Resolution is the capability of a lens to separate or differentiate between small objects which are close altogether that is, the microscope should produce a clear image and not just a magnified one. It is as well termed as the resolving power.
Resolution is explained mathematically through an equation in the year 1870 by Ernest Abbe, a German physicist. The Abbe equation defines that the minimal distance (d) among two objects which reveal them as separate entities based on the wavelength of light (λ) used to illuminate the specimen and on the numerical aperture of the lens (n sin θ) that is the capability of the lens to collect light.
d = (0.5 λ)/(n sin θ)
Since, d becomes smaller, the resolution rises and finer details can be distinguished in a specimen; d becomes smaller as the wavelength of light used reduces and as the numerical aperture (NA) rises. Therefore, the greatest resolution is achieved by using a lens having the largest NA and light by the shortest wavelength.
The relationship among NA and resolution can be stated as follows:
d = λ/2NA
Here, d = resolution and λ = wavelength of light. By employing the values 1.3 for NA and 0.5 μm, the wavelength of green light, for > λ, resolution can be computed as:
d = (0.55)/(2 x 1.30) = 0.21μm.
From these computations, we might conclude that the smallest details that can be seen by the light microscope are those having dimensions of around 0.2μm.
Preparation for Light-Microscope examination:
There are two general techniques employed for preparing specimens for light-microscope examination.
1) The organisms are hanged or suspended in a liquid (that is, the wet-mount or the hanging drop method).
2) The organism is dried fixed and stained prior to observing beneath the microscope.
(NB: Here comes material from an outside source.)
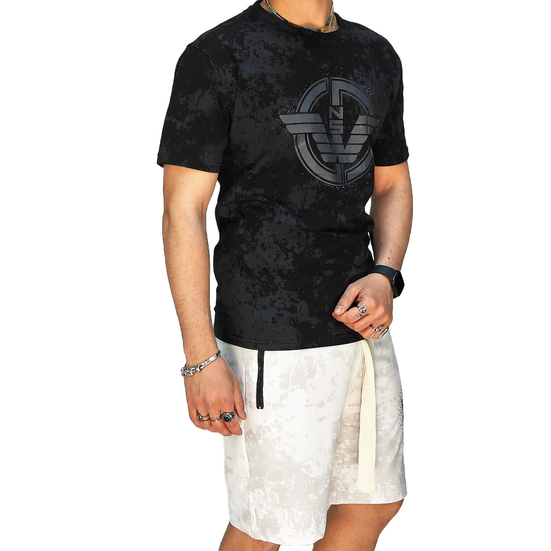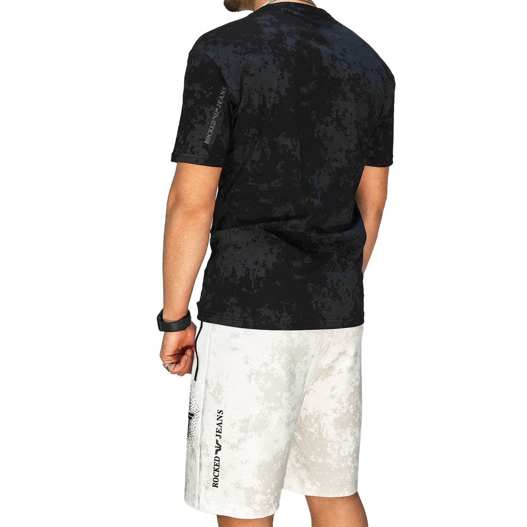 Stile urbano e comfort assoluto per i tuoi outfit estivi. Questo completo da uomo, composto da t-shirt a manica corta e bermuda coordinati, รจ lโideale per chi cerca un look moderno e dinamico, senza rinunciare alla qualitร .

This kind of microscope employs a beam of electron in place of light waves to generate the image. There are two kinds:
Transmission Electron Microscope:
Electron microscopes make use of a beam of electrons to illuminate and make magnified images of specimens. Electrons substitute light as the illuminating beam. They can be focused, much as light is in a light microscope; however their wavelength is around 0.005mm 1000,000 times shorter than that of visible light. Thus, electron microscopes encompass a practical resolution around 1,000 times better than the light microscope, with lots of electron microscopes point closer than 0.5 nm can be distinguished and the helpful magnification is well over 100,000x. In transmission electron microscope, the electron beam is transmitted via the specimen.
Scanning Electron Microscope:
The scanning electron microscope generates an image from electron discharged from atoms on an object's surface. It has been employed to observe the surfaces of microorganisms in great detail. Most of the SEM consists of a resolution of around 7nm or less.